═════ EXERCISE MATERIALS

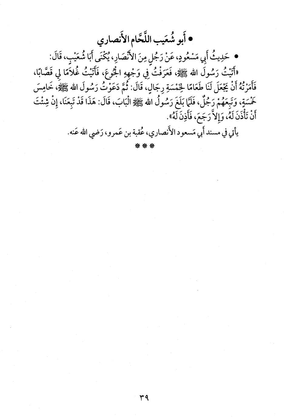 • حديث أبي مسعود، عن رجل من الأنصار، يكنى أبا شعيب، قال:
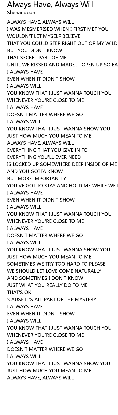 ALWAYS HAVE, ALWAYS WILL |
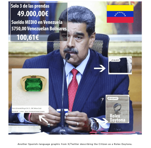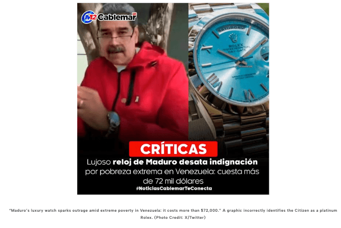Over the past few years, Spanish-language social media accounts and news outlets have promoted a theory that Maduro owns expensive Rolex references, often citing an interview where Maduro reportedly covers up a “Rolex” with his sleeve when the interviewer notices the watch. The only problem is that the watch in question is actually a Citizen, with a retail value of approximately $250.
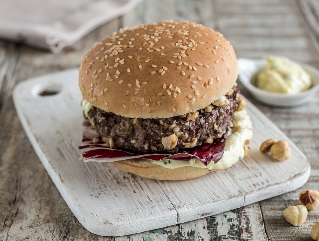 Ingredienti per 4 persone: polpa di manzo tritata o tagliata al coltello g 600 – pane da hamburger – nocciole tostate tritate g 150 – 4 cucchiai di verdure miste da soffritto – 1 rametto di timo – 1 tuorlo – 2 cucchiai di grana grattugiato – trevisana rossa – salsa tartara – olio, sale e pepe.
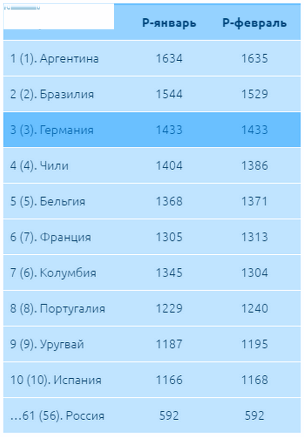 От проведения декабрьского сбора Станислав Черчесов отказался, но некоторые команды решили сыграть. В результате с теми же баллами наша сборная отступила в рейтинге еще на одну ступень, обновив печальное достижение. Многие ожидали, что так же будет и в феврале: наши показатели, оставшись неизменными, позволят сохранить статус-кво. И уж точно никто не ждал очередного провала. Но если не везет, то не везет во всем. С теми же 592 очками наша сборная за период зимнего бездействия вылетела даже за пределы шестого десятка, оказавшись на 61-й ступени рейтинга ФИФА. Просто катастрофические показатели для сборной не так давно уверенно державшейся в первом десятке.
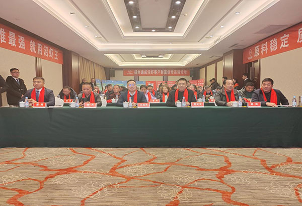 12月15日,揚州通威在高郵匯富金陵酒店順利召開沼蝦產業財富倍增高端論壇會,華東一區總經理賈光文、揚州公司副總經理文昌齊,農發特種水產研究所配方師田景文、公司所有中層管理人員以及來自高郵區域沼蝦養殖行業的40余名優質經銷商朋友齊聚一堂,共同參加此次會議。
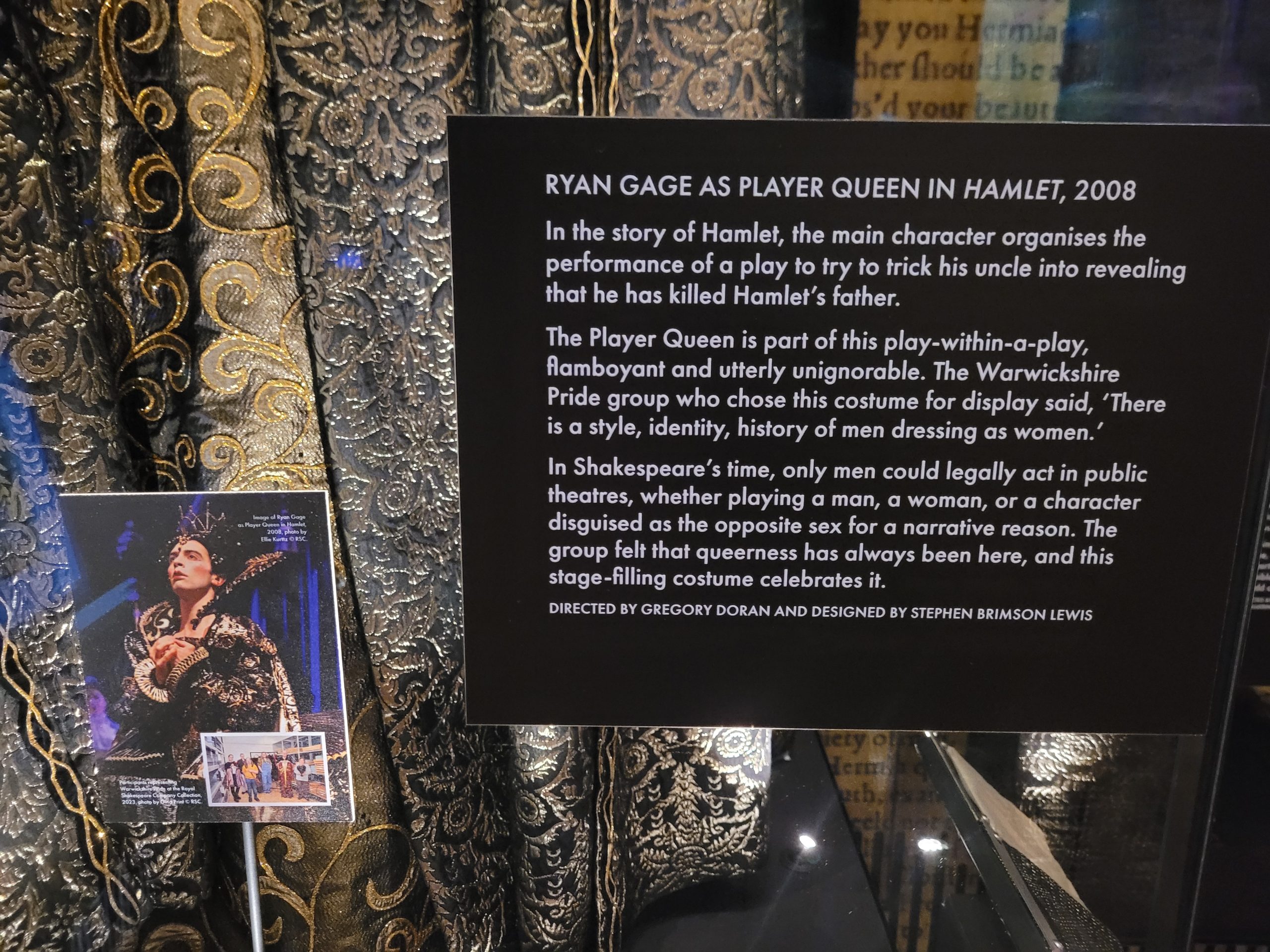 Institutions are designed to wield power, not to share it, and it is therefore no simple thing to co-curate successfully. The benefits, however, can be stunningly apparent. The diversity of costumes, characters and actors chosen by the co-curators is refreshingly inclusive of body size, skin tone and gender identity. A pretty dress might equally be worn by Juliette Stevenson playing Titania in A Midsummer Night’s Dream, as by Ryan Gage portraying Player Queen in Hamlet. As the Pride group said, queerness has always been here, and Gage’s sumptuous, stage-filling costume celebrates it.
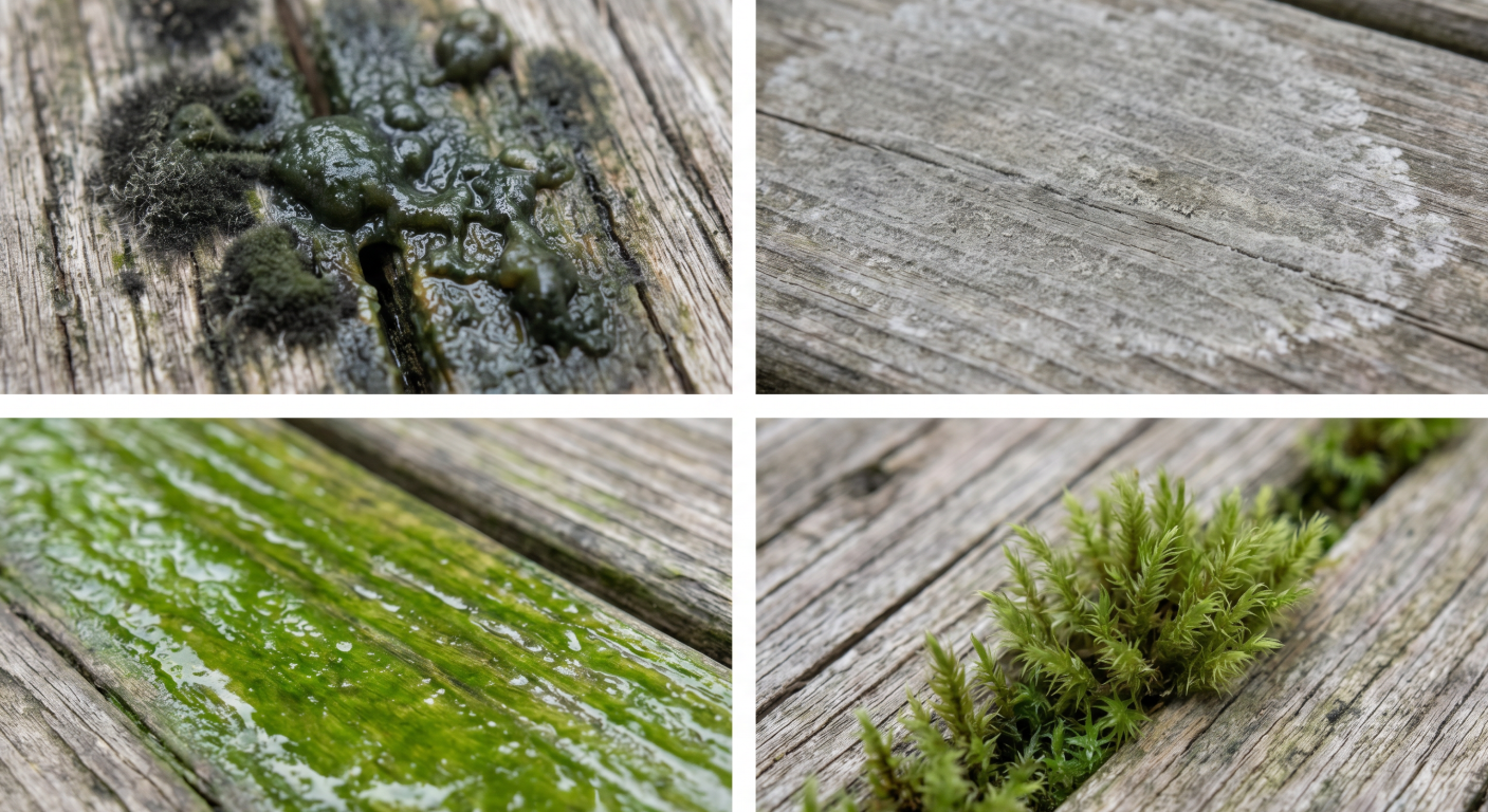 Algae appears as a slick, green or yellow film. Unlike mold, algae is a plant and feeds on sunlight and moisture, not on the wood itself. Most common on shaded, north-facing decks.

══════════

ACTION ITEM:
Output the data exactly as it appears. The pictures do not belong in it.

RESPONSE FOR THIS EXERCISE:
 • حديث أبي مسعود، عن رجل من الأنصار، يكنى أبا شعيب، قال:
 ALWAYS HAVE, ALWAYS WILL |
Over the past few years, Spanish-language social media accounts and news outlets have promoted a theory that Maduro owns expensive Rolex references, often citing an interview where Maduro reportedly covers up a “Rolex” with his sleeve when the interviewer notices the watch. The only problem is that the watch in question is actually a Citizen, with a retail value of approximately $250.
 Ingredienti per 4 persone: polpa di manzo tritata o tagliata al coltello g 600 – pane da hamburger – nocciole tostate tritate g 150 – 4 cucchiai di verdure miste da soffritto – 1 rametto di timo – 1 tuorlo – 2 cucchiai di grana grattugiato – trevisana rossa – salsa tartara – olio, sale e pepe.
 От проведения декабрьского сбора Станислав Черчесов отказался, но некоторые команды решили сыграть. В результате с теми же баллами наша сборная отступила в рейтинге еще на одну ступень, обновив печальное достижение. Многие ожидали, что так же будет и в феврале: наши показатели, оставшись неизменными, позволят сохранить статус-кво. И уж точно никто не ждал очередного провала. Но если не везет, то не везет во всем. С теми же 592 очками наша сборная за период зимнего бездействия вылетела даже за пределы шестого десятка, оказавшись на 61-й ступени рейтинга ФИФА. Просто катастрофические показатели для сборной не так давно уверенно державшейся в первом десятке.
 12月15日,揚州通威在高郵匯富金陵酒店順利召開沼蝦產業財富倍增高端論壇會,華東一區總經理賈光文、揚州公司副總經理文昌齊,農發特種水產研究所配方師田景文、公司所有中層管理人員以及來自高郵區域沼蝦養殖行業的40余名優質經銷商朋友齊聚一堂,共同參加此次會議。
 Institutions are designed to wield power, not to share it, and it is therefore no simple thing to co-curate successfully. The benefits, however, can be stunningly apparent. The diversity of costumes, characters and actors chosen by the co-curators is refreshingly inclusive of body size, skin tone and gender identity. A pretty dress might equally be worn by Juliette Stevenson playing Titania in A Midsummer Night’s Dream, as by Ryan Gage portraying Player Queen in Hamlet. As the Pride group said, queerness has always been here, and Gage’s sumptuous, stage-filling costume celebrates it.
 Algae appears as a slick, green or yellow film. Unlike mold, algae is a plant and feeds on sunlight and moisture, not on the wood itself. Most common on shaded, north-facing decks.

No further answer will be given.